*WHAT YOU ARE ASKED TO DO*.
Below this line are records; write out exactly the lines from the one containing "Children ranging in" through the one containing "PAVLOV ARCHEOLOGICAL PARK, CZECH REPUBLIC", with the pictures left out.

*SUPPLIED ENTRIES*.
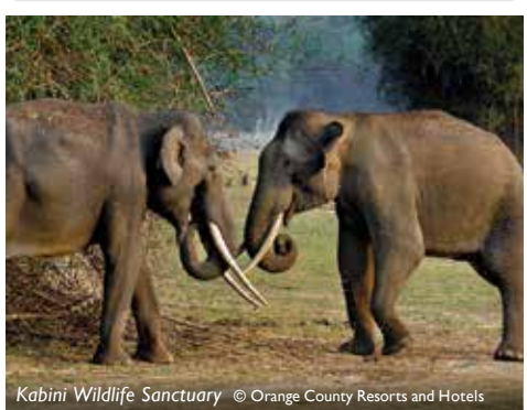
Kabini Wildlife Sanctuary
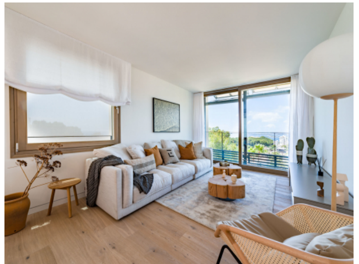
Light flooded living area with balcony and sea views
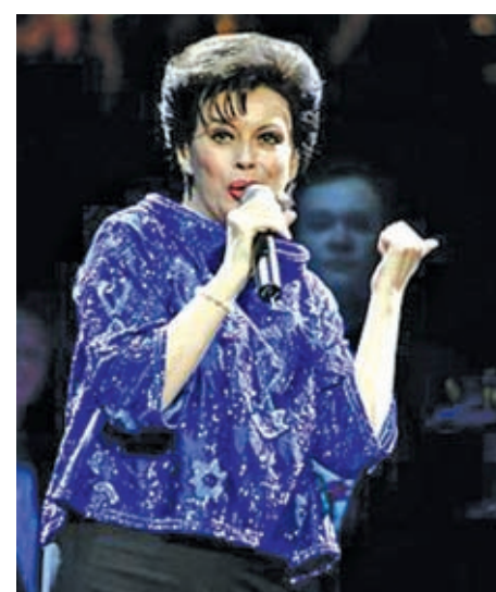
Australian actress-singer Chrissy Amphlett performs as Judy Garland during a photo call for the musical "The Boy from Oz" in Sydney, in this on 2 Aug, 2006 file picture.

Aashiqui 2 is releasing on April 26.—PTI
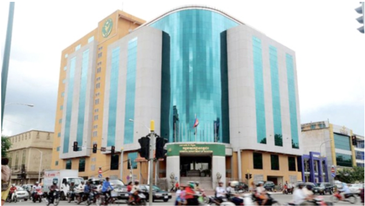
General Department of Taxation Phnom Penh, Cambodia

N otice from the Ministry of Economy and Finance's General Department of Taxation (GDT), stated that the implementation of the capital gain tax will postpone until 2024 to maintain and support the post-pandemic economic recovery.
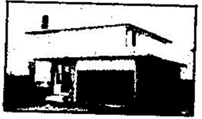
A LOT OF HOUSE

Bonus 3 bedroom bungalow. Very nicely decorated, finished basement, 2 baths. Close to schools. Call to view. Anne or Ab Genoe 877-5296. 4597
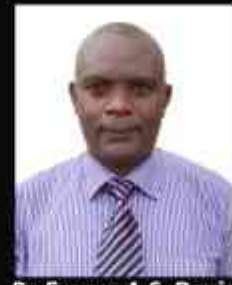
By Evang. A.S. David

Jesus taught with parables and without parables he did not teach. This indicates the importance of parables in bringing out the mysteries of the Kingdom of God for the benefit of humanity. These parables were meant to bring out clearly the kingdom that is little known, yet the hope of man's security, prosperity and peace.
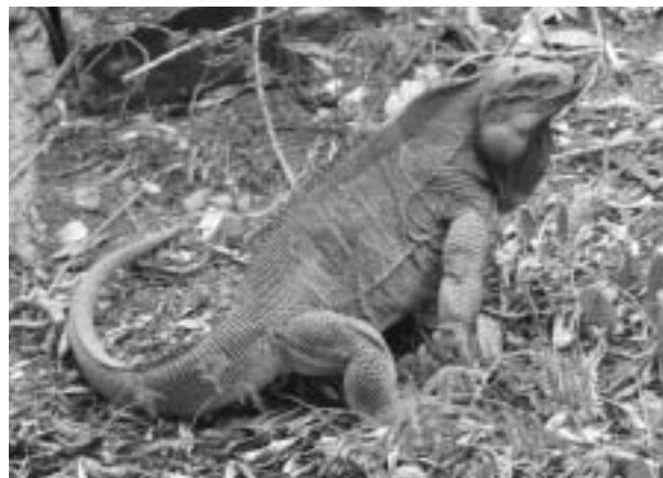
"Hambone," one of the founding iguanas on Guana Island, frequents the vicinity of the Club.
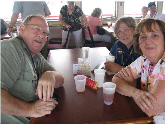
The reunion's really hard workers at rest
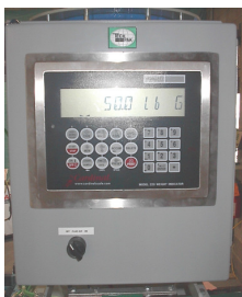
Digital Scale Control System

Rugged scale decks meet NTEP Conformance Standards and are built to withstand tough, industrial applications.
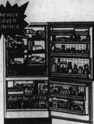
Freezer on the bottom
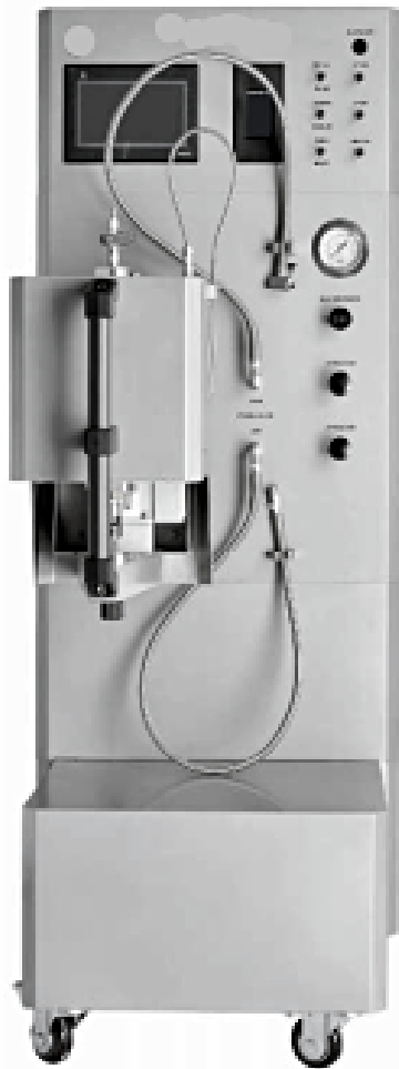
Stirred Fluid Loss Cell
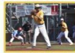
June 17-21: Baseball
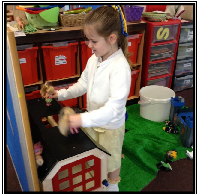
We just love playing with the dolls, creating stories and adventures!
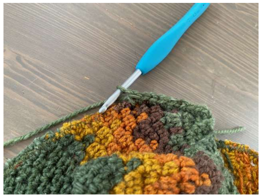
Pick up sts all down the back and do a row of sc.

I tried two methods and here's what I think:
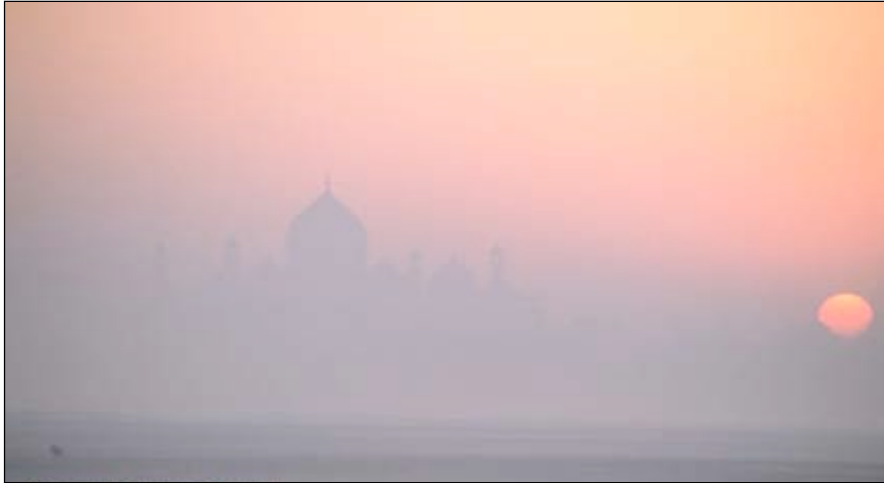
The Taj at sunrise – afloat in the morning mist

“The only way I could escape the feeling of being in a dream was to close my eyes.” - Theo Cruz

--

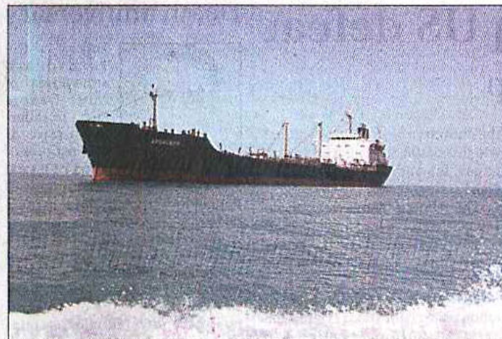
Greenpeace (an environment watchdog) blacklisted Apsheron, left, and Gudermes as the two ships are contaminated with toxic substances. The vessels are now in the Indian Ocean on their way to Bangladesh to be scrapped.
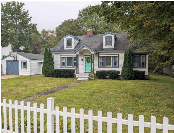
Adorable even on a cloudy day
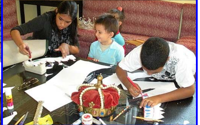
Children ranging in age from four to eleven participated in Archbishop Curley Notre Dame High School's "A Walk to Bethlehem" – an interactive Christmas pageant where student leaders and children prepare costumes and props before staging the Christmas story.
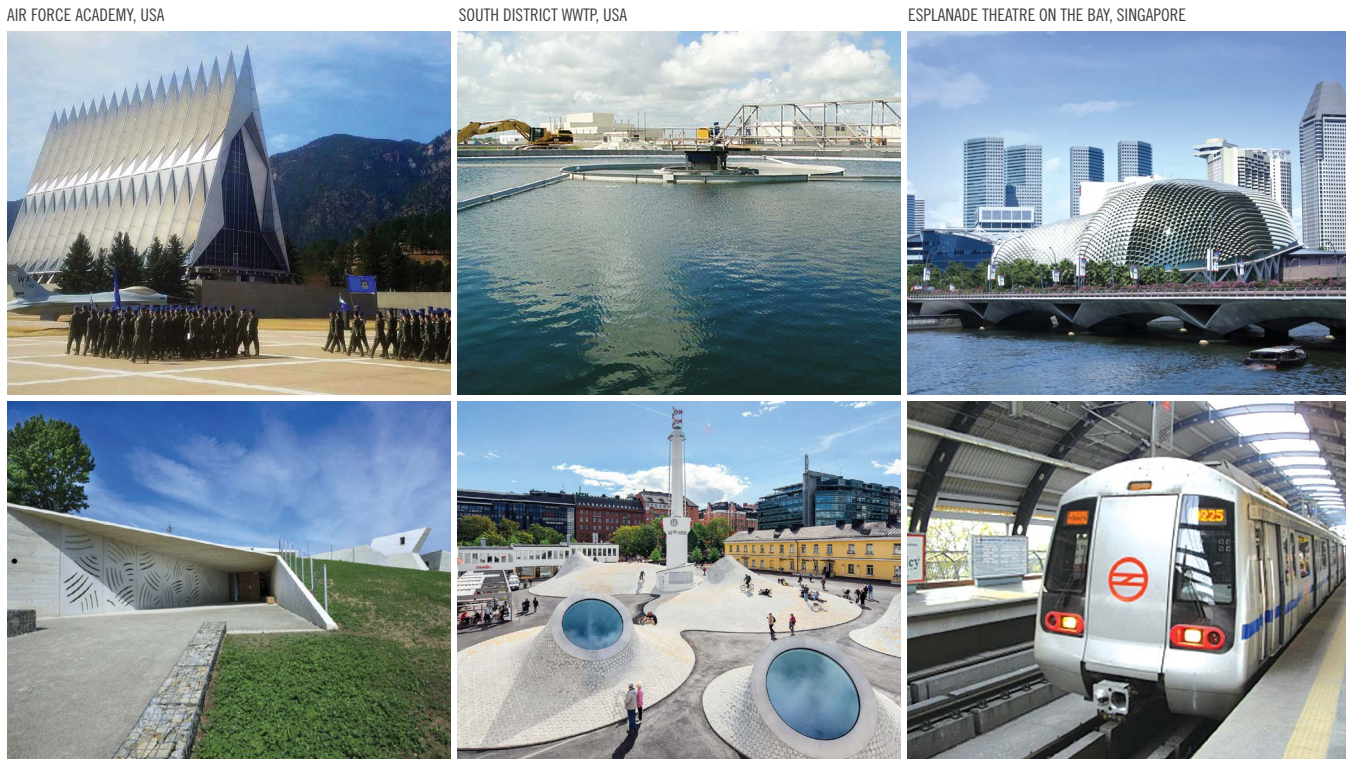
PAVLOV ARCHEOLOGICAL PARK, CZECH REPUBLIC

...

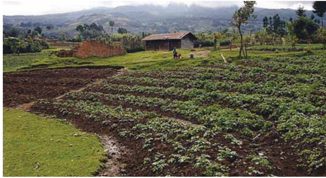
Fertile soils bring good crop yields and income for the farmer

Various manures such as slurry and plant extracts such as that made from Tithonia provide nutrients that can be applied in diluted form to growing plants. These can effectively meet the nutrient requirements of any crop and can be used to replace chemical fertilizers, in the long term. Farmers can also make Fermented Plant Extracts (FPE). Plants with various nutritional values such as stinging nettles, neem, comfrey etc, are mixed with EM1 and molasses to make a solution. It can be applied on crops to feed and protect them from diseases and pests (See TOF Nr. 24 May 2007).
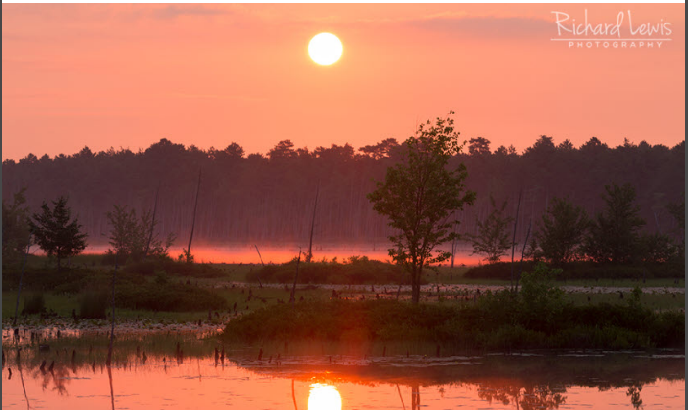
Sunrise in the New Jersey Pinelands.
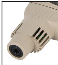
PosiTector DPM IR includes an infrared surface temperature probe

*EXERCISE ANSWER*.
Children ranging in age from four to eleven participated in Archbishop Curley Notre Dame High School's "A Walk to Bethlehem" – an interactive Christmas pageant where student leaders and children prepare costumes and props before staging the Christmas story.
PAVLOV ARCHEOLOGICAL PARK, CZECH REPUBLIC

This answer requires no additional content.